Неподведенные итоги
Шрифт:
— Сегодня в девять утра все руководство телевидения смотрело «Гусара»... — Голос Ждановой перечислил тех, кого я упомянул выше.
— Чем это было вызвано? — спросил я.
— Я вам потом расскажу, — уклонилась от ответа Стелла Ивановна. — Завтра показ состоится, хотя не скрою, все это висело на волоске. Правда, Председатель (так на телевидении называли Лапина) предложил сделать две купюры...
— Какие? — перебил я.
— Одна вырезка — это реплика: «Тема хорошая...»
(В сцене пикника в саду губернаторского дворца Настенька Бубенцова объявляет собравшимся гусарам, дамам и городской знати:
— Я спою вам песню, посвященную героям войны 1812 года. На что Мерзляев роняет цензорским тоном:
— Тема хорошая...
Так вот, эта реплика почему-то попала под топор министра. Почему именно эта? В фильме было полно куда более острых фраз...)

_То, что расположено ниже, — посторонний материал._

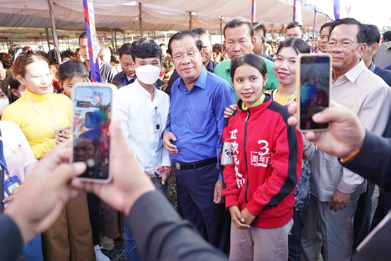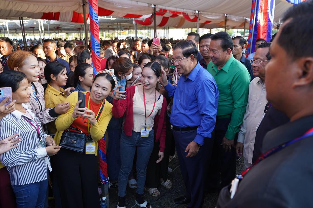 សម្តេចតេជោ ហ៊ុន សែន អញ្ជើញចុះជួបកម្មករ កម្មការិនីជិត ២ម៉ឺននាក់ នៅស្រុកអង្គស្នួល ខេត្តកណ្តាល

— Вторая купюра, — продолжала Стелла Ивановна, — это облет вокруг церкви, сцена похорон. Председатель сказал: «Это очень мрачно, не надо огорчать зрителей в новогодний праздник».

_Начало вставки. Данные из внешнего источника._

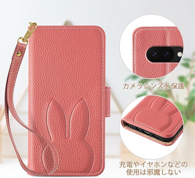 Vokpok対応 Google Pixel 9a ケース 手帳型 PUレザー 可愛いどうぶつ 兎柄 手触りも色合いも あふれる 女性の グーグルピクセル 9A 財布型ケース カード収納機能 スタンド機能 全面保護 Pixel 9A スマホケース 簡約美しい ストラップ付き ある滑らかな手触り 家族、友達の素晴らしい贈り物 ピクセル9a ケース, スイカレッド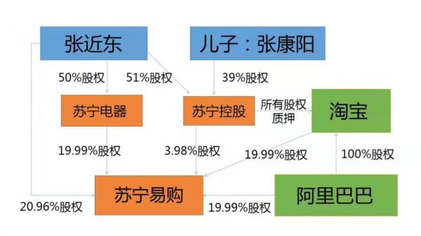 2020年12月,张近东、张康阳及南京润贤企业管理中心(有限合伙)将所持有的苏宁控股全部股权出质给淘宝(中国)软件,合计出质股权数额10亿元,张近东还将其持有苏宁置业65%的股权质押给了淘宝。
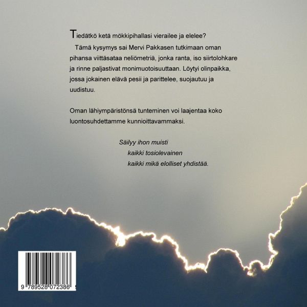 Mitä tiedät mökkipihasi eläjistä? Luonnon moninaisuuden huomioimiseen tarvitsee vain pienen alan, kiinnostuksen ja rohkeuden pysähtyä luonnon tapahtumien äärelle. Näin löytää sellaista, johon ei yleensä kiinnitä huomiota tai jota ei edes halua nähdä. Mervi Pakkanen on kulkenut Sammakon surmasta (1991) Kotokoloon tarkkailemalla ja kuvaamalla oman mökkipihansa viidensadan neliömetrin osaa. Löytyi yhteistä ihmiselle, matelijalle, lentävälle ja maassa vilistävälle, joista jokainen pesii ja parittelee, suojautuu ja uudistuu.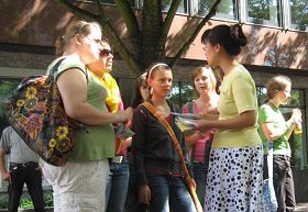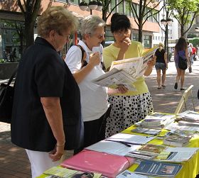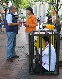 ![]() 在摊位前了解法轮功无辜被中共迫害真相 |

Меня начала бить дрожь, внутри что-то оборвалось.
— И потом председатель добавил, — заканчивала свое невеселое повествование Жданова: — «Я прошу не говорить об этом Рязанову. Не надо портить ему встречу Нового года». Но при мысли, что будет с вами, когда вы завтра, сидя у телевизора, не увидите этих двух мест в фильме, мне стало ясно, что надо обязательно вам сказать. Иначе это может скверно кончиться. Чего доброго, еще инфаркт случится.
— А кто же конкретно это вырезал? — мертвым голосом спросил я.

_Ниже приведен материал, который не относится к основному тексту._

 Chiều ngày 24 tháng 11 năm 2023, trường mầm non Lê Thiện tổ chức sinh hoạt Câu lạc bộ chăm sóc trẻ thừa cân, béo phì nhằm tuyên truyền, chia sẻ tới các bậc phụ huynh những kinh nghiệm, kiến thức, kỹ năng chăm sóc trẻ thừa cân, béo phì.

— Не волнуйтесь, все уже сделано, и сделано аккуратно! Хессин сам за этим проследил. Вырезали в его присутствии.
— Спасибо, — машинально сказал я.
— Извините, новогодний праздник вам, конечно, испортили, — сказала в заключение Стелла Ивановна, — но мне казалось, что будет лучше, если вы узнаете обо всем заранее и от меня. Не огорчайтесь. Это еще минимальные потери. Если бы вы знали, почему все это случилось, вы бы поняли...
И мы распрощались.
Я повесил трубку и погрузился во мрак. Я снова и снова перебирал в памяти разговор. Первым побуждением было куда-то звонить, протестовать, хлопотать, остановить, но было поздно: восемь часов вечера 31 декабря. Нигде уже никого нет, все разбежались с работы, готовятся к встрече Нового года. Звонок раздался не зря вечером, после того, как кончился рабочий день, когда сделать уже ничего нельзя. Да и не мог я закладывать Стеллу Ивановну. Это был редкий по благородству поступок, особенно немыслимый для человека, служащего в советском аппарате. И если я начну действовать, обнаружу, что знаю ситуацию, докопаются, кто сообщил, и действительно сотрут в порошок порядочного человека. Так что я был связан по рукам и ногам, был лишен возможности что-либо предпринять!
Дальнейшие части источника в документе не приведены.